Document(metadata={'source': 'C:\\Users\\Admin\\AppData\\Local\\Temp\\tmpyadichtx/site.html', 'title': 'Natural language processing 2025'}, page_content='Natural language processing 2025Opublikowano za pomocą Dokumentów GoogleZgłoś nadużycieWięcej informacjiNatural language processing 2025Automatyczne aktualizacje co 5\xa0minLaboratory work - Spring 2025The main goal of laboratory work is to present the most important aspects of data science in practice and to teach you how to use key tools for a NLP engineer. We especially emphasize on self-paced work, raising standards related to development, replicability, reporting, research, visualizing, etc. Our goal is not to provide exact instructions or "make robots" out of participants of this course. Participants will need to try to navigate themselves among data, identify promising leads and extract as much information as possible from the data to present to the others (colleagues, instructors, companies or their superiors).Important linksL

We loaded the entire course into a single document. Since the sentence transformer can handle only limited sections of text, this might be problematic. Next, we will use the `RecursiveCharacterTextSplitter` to split the document into chunks with a `chunk_size` of 1000 characters and a `chunk_overlap` of 20.


In [25]:
text_splitter = RecursiveCharacterTextSplitter(chunk_size=1000, chunk_overlap=20)
all_splits = text_splitter.split_documents(docs)

Let's see what the chunked document looks like.


In [None]:
all_splits[0]

In [None]:
all_splits[1]

In [None]:
all_splits[2]

Next, we initialize a vector store. A vector store is a data structure that functions as a vector database, where each document is stored based on its own embedding. We will use the `FAISS` library for this purpose.


In [None]:
vectorstore = FAISS.from_documents(all_splits, embedding)

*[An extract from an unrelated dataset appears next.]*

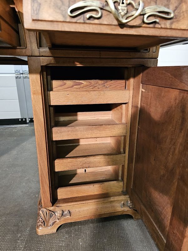 Il ouvre par trois tiroirs en ceinture, ils sont parés de superbes poignées en bronze doré, deux portes sur les caissons et deux tirettes latérales sur le plateau.

Finally, we define a retriever—an object that will handle the **retrieving** part of the RAG pipeline. The retriever receives as arguments the metric by which we search the space and the number of the k-nearest documents (chunks in our case) that we retrieve to present to the studen


In [None]:
retreiver = vectorstore.as_retriever(
    search_type="similarity",
    k=10,
)

Next, we modify our prompt template so that it now receives the context (the documents selected by the RAG system) and then generates the answer.


In [None]:
PROMPT_TEMPLATE = """
You are a helpful AI QA assistant. When answering questions, use the context enclosed by triple backquotes if it is relevant.
If you don't know the answer, just say that you don't know, don't try to make up an answer.
Reply your answer in markdown format.

```
{context}
```

### Question:
{question}

### Answer:
"""

prompt_template = PromptTemplate(
    input_variables=["context", "question"],
    template=PROMPT_TEMPLATE.strip(),
)

With the prompt defined, we next set up the `ConversationalRetrievalChain` that will utilize the defined `retriever` and `llm`, following the `PROMPT_TEMPLATE` to extract documents.


In [None]:
# Construct complete LLM chain
llm_chain = ConversationalRetrievalChain.from_llm(
    llm=llm,
    retriever=retreiver,
    return_source_documents=False,
    combine_docs_chain_kwargs={"prompt": prompt_template},
    verbose=False,
)

Finally, we create the `answer_question` function that will handle the chain invocation for us.


In [None]:
def answer_question(question: str, history: dict[str] = None) -> str:
    if history is None:
        history = []

    response = llm_chain.invoke({"question": question, "chat_history": history})
    answer = response["answer"].split("### Answer:")[-1].strip()
    return answer

In [None]:
question = "What do I have to do for the peer review?"
display_markdown(answer_question(question), raw=True)

In [None]:
question = "What is the first project about?"
display_markdown(answer_question(question), raw=True)

In [None]:
question = "What do you have to do for a good grade?"
display_markdown(answer_question(question), raw=True)

In [None]:
question = "What is the project intended for digital linguistics about?"
display_markdown(answer_question(question), raw=True)

With the introduction of RAG, the `Mistral` model was able to successfully answer questions about the NLP course.

**Exercises:**
* Implement a data loader script that can load documents from a folder.